The ride home was long and rough; it was beginning to get dark, and Mr. Allison had to drive very carefully over the dirt road by the lake. Mrs. Allison lay back against the seat, pleasantly relaxed after a day of what seemed whirlwind shopping compared with their day-to-day existence; the new glass baking dishes lurked agreeably in her mind, and the half bushel of red eating apples, and the package of colored thumbtacks with which she was going to put up new shelf edging in the kitchen. “Good to get home,” she said softly as they came in sight of their cottage, silhouetted above them against the sky.
“Glad we decided to stay on,” Mr. Allison agreed.

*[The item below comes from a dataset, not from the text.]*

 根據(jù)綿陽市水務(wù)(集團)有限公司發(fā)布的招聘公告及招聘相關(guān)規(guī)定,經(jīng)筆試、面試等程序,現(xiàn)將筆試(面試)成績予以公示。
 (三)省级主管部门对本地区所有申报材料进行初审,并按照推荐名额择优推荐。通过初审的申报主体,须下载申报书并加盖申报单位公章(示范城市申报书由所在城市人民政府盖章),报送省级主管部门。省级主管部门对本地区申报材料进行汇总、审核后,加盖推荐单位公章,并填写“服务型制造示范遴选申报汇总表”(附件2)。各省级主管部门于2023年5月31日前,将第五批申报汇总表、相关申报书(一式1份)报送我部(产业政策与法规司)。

Mrs. Allison spent the next morning lovingly washing her baking dishes, although in his innocence Charley Walpole had neglected to notice the chip in the edge of one; she decided, wastefully, to use some of the red eating apples in a pie for dinner, and, while the pie was in the oven and Mr. Allison was down getting the mail, she sat out on the little lawn the Allisons had made at the top of the hill, and watched the changing lights on the lake, alternating gray and blue as clouds moved quickly across the sun.

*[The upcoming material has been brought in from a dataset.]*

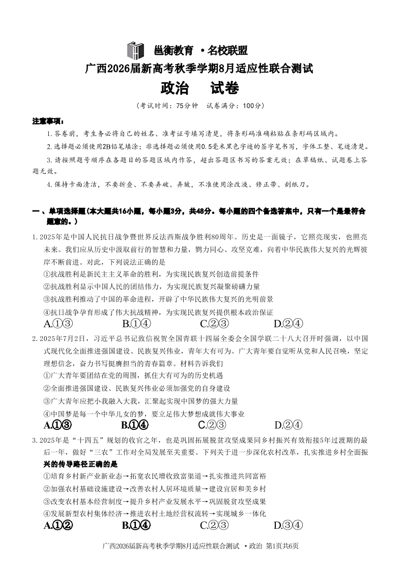 高三政治+答案--广西邕衡教育·名校联盟2026届新高考秋季学期8月适应性联合测试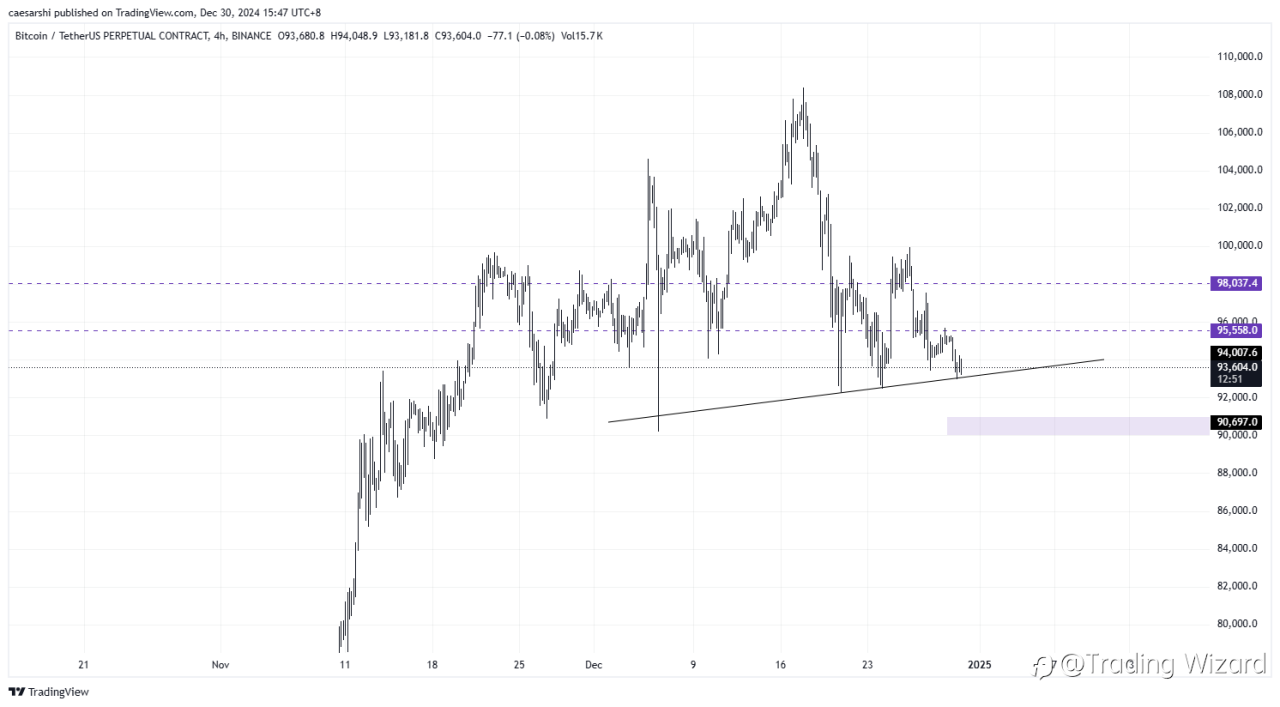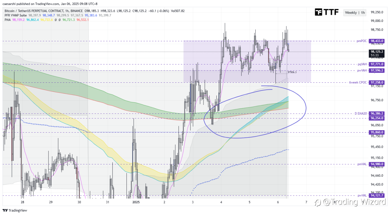 首先,從1H級別來看,維加斯隧道是走了一個有可能會出現的金叉,我們需要保持耐心,等待金叉形成,並且出現多頭排列和向上開口的空間,確立多頭的趨勢,再做出入場的動作。不止如此,在紫色陰影區域我們可以發現,比特幣一直在97500-98500中間震蕩,並且偶爾會向更低的地方做插針測試。我們也需要等待,比特幣的價格走出紫色陰影區,並進行回踩確認之後再入場。

Mr. Allison came back a little out of sorts; it always irritated him to walk the mile to the mailbox on the state road and come back with nothing, even though he assumed that the walk was good for his health. This morning there was nothing but a circular from a New York department store, and their New York paper, which arrived erratically by mail from one to four days later than it should, so that some days the Allisons might have three papers and frequently none. Mrs. Allison, although she shared with her husband the annoyance of not having mail when they so anticipated it, pored affectionately over the department store circular, and made a mental note to drop in at the store when she finally went back to New York, and check on the sale of wool blankets; it was hard to find good ones in pretty colors nowadays. She debated saving the circular to remind herself, but after thinking about getting up and getting into the cottage to put it away safely somewhere, she dropped it into the grass beside her chair and lay back, her eyes half closed.

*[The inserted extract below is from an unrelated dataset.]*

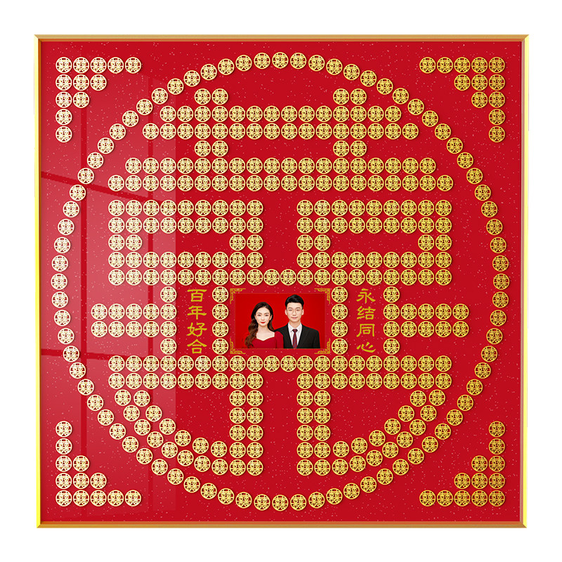 📚 结婚礼物送新人五毛硬币喜字贴5角硬币相框囍字模板新婚diy手工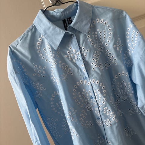 Pent brukt topp/bluse i nydelig blåfarge, størrelse S

“Looks like we might have some rain,” Mr. Allison said, squinting at the sky.
“Good for the crops,” Mrs. Allison said laconically, and they both laughed.
The kerosene man came the next morning while Mr. Allison was down getting the mail; they were getting low on kerosene and Mrs.
Allison greeted the man warmly; he sold kerosene and ice, and, during the summer, hauled garbage away for the summer people.